Sensory evidence accumulation is considered a hallmark of decision-making in noisy environments. Integration of sensory inputs has been traditionally studied using passive stimuli, segregating perception from action. Lessons learned from this approach, however, may not generalize to ethological behaviors like navigation, where there is an active interplay between perception and action. We designed a sensory-based sequential decision task in virtual reality in which humans and monkeys navigated to a memorized location by integrating optic flow generated by their own joystick movements. A major challenge in such closed-loop tasks is that subjects' actions will determine future sensory input, causing ambiguity about whether they rely on sensory input rather than expectations based solely on a learned model of the dynamics. To test whether subjects integrated optic flow over time, we used three independent experimental manipulations, unpredictable optic flow perturbations, which pushed subjects off their trajectory; gain manipulation of the joystick controller, which changed the consequences of actions; and manipulation of the optic flow density, which changed the information borne by sensory evidence. Our results suggest that both macaques (male) and humans (female/male) relied heavily on optic flow, thereby demonstrating a critical role for sensory evidence accumulation during naturalistic action-perception closed-loop tasks.

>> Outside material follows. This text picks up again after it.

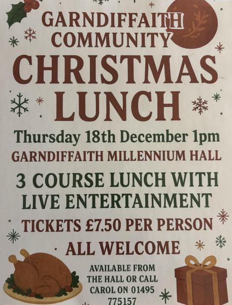 Join us for a festive afternoon filled with good food, great company and live music! Wednesday 18th December at 1pm Tickets £7.50 per person, includes 3 course delicious Christmas Lunch Enjoy the sounds of the Rhythm & Yukes Band! Spaces are limited so call Carol on 01495 775157 to book or pop in to the hall to collect

SIGNIFICANCE STATEMENT The temporal integration of evidence is a fundamental component of mammalian intelligence. Yet, it has traditionally been studied using experimental paradigms that fail to capture the closed-loop interaction between actions and sensations inherent in real-world continuous behaviors. These conventional paradigms use binary decision tasks and passive stimuli with statistics that remain stationary over time. Instead, we developed a naturalistic visuomotor visual navigation paradigm that mimics the causal structure of real-world sensorimotor interactions and probed the extent to which participants integrate sensory evidence by adding task manipulations that reveal complementary aspects of the computation.

感官证据积累被认为是在嘈杂环境中做出决策的标志。传统上使用被动刺激来研究感觉输入的整合，将感知与行动分开。然而，从这种方法中汲取的经验教训可能无法推广到像导航这样的行为学行为，因为感知和行动之间存在积极的相互作用。我们在虚拟现实中设计了一个基于感觉的顺序决策任务，其中人类和猴子通过整合自己的操纵杆运动产生的光流导航到记忆的位置。这种闭环任务的一个主要挑战是，受试者的行为将决定未来的感官输入，从而导致他们是否依赖感官输入而不是仅基于学习的动态模型的期望变得模糊。为了测试受试者是否随着时间的推移整合光流，我们使用了三种独立的实验操作，即不可预测的光流扰动，这使受试者偏离了他们的轨迹；获得对操纵杆控制器的操纵，从而改变动作的后果；以及光流密度的操纵，这改变了感官证据所承载的信息。我们的结果表明，猕猴（雄性）和人类（雌性/雄性）都严重依赖光流，从而证明了在自然动作感知闭环任务中感官证据积累的关键作用。

意义陈述证据的时间整合是哺乳动物智力的基本组成部分。然而，传统上是使用实验范式来研究它，但无法捕捉现实世界连续行为中固有的动作和感觉之间的闭环相互作用。这些传统范例使用二元决策任务和被动刺激，并具有随时间推移保持稳定的统计数据。相反，我们开发了一种自然主义的视觉运动视觉导航范式，它模仿现实世界感觉运动相互作用的因果结构，并通过添加揭示计算互补方面的任务操作来探讨参与者整合感官证据的程度。